Background technology
China is traditional large agricultural country, and for crop growth, the research of develop etc. is always biology and agriculture
Learn the emphasis and hot spot of research.The process of crop growthing development, in essence, important feature and tissue exactly in plant
Building process is exactly to include polysaccharide from molecular level, protein and other interaction, interactional mistake
Journey.Crops are carried out with the key of basic research, first consists in these large biological molecules and to be distributed in plant and the sight of structure
Examine process.
Immunofluorescent Antibody labelling technique is that fluorescein is formed immune mark chemically with specific antibody covalent bond
Remember antibody, and according to the principle of Ag-Ab specific bond, antigen is marked with fluorescein, and utilize fluorescence microscope
Specific fluorescent is observed, so as to intuitively observe distributed process of the antigen in plant.Due to spy of the antigen-antibody effect with identification
The opposite sex, and no particular requirement is formed for antigen, therefore, which has in terms of crop plant structure composition is parsed
Wide applicability.
At present, the application of fluorescence antibody labelling technique is ripe day by day, but traditional detection method determines this
The limitation of detection, i.e., observed by immunofluorescence, can only show the Germ distribution of single structure, obtained relevant information
It measures less than normal and single, the interaction between structure and Relative distribution intuitively can not be observed on the whole, this pole
The earth limits the application of this technology.
Invention content
For problems of the prior art, technical scheme is as follows:
A kind of method for observing large biological molecule distribution, life different in sample is made using improved immunofluorescence staining
Object macromolecular by different fluorescence or dye marker, according to the difference of label, observes different biologies simultaneously under the microscope respectively
The distribution situation of macromolecular;
The improved immunofluorescence staining is:The primary antibody of different immunogenes is selected different large biological molecules to mark
Or it selects different large biological molecules identical immunogene and carries the primary antibody label of different labels;To big point different of biologies
Selection different colours are marked and are developed the color with the secondary antibody of a corresponding anti-binding son respectively.
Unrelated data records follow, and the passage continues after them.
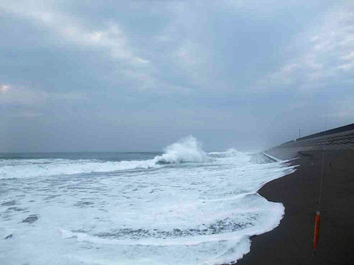 06:00、防潮堤の上から見た海は波が治まったかのように見えたが、
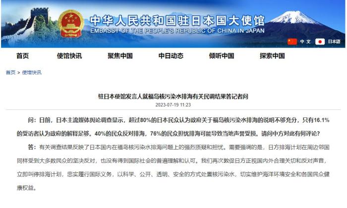 中新網(wǎng)7月19日電 據(jù)中國駐日本大使館網(wǎng)站消息,中國駐日本使館發(fā)言人就福島核污染水排海有關(guān)民調(diào)結(jié)果答記者問時表示,日方排海計劃在周邊鄰國同樣受到大多數(shù)民眾的堅決反對,也沒有得到國際社會的普遍理解和認(rèn)可;再次敦促日方正視國內(nèi)外合理關(guān)切和反對聲音,立即叫停排海計劃。
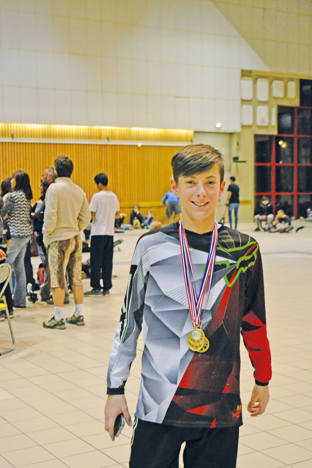 Gleich am ersten Tag, beim 10-km-Rennen, fuhr Liroy Haas in seiner Kategorie auf den 1. Rang. Beim 400m, beim Downhill und mit einer neuen Bestlänge von 1,70 m beim Weitsprung schaffte er es jeweils auch auf den 1. Podestplatz und holte somit viermal den französischen Junioren- Meistertitel. In den Disziplinen von Cross, Radlauf und langsam Vorwärts konnte er je den 2. Rang holen und im 100 m den 3. Rang. Mit vier Gold-, drei Silber- und einer Bronze-Medaille kann Liroy auf eine tolle und intensive Woche zurück blicken und die Rennsaison für 2015 abschliessen.

On the basis of said program, the large biological molecule is carbohydrate.
On the basis of said program, the primary antibody is JIM series antibodies, in LM series antibodies, CCRC series antibodies
A kind of and CBM series antibodies in a kind of combination.
On the basis of said program, the secondary antibody is Alexa Fluor line fluorescent labelled antibodies.
On the basis of said program, complete or part of the sample for histotomy or with excellent permeability is planted
Object tissue.
On the basis of said program, the method for the observation large biological molecule distribution, step is as follows:
1) selection of material
Select histotomy or the complete or Activities of Some Plants tissue with excellent permeability;
2) it closes
Confining liquid closing sample thermostatted water yawing moves 1h, removes confining liquid, PE buffer solution for cleaning.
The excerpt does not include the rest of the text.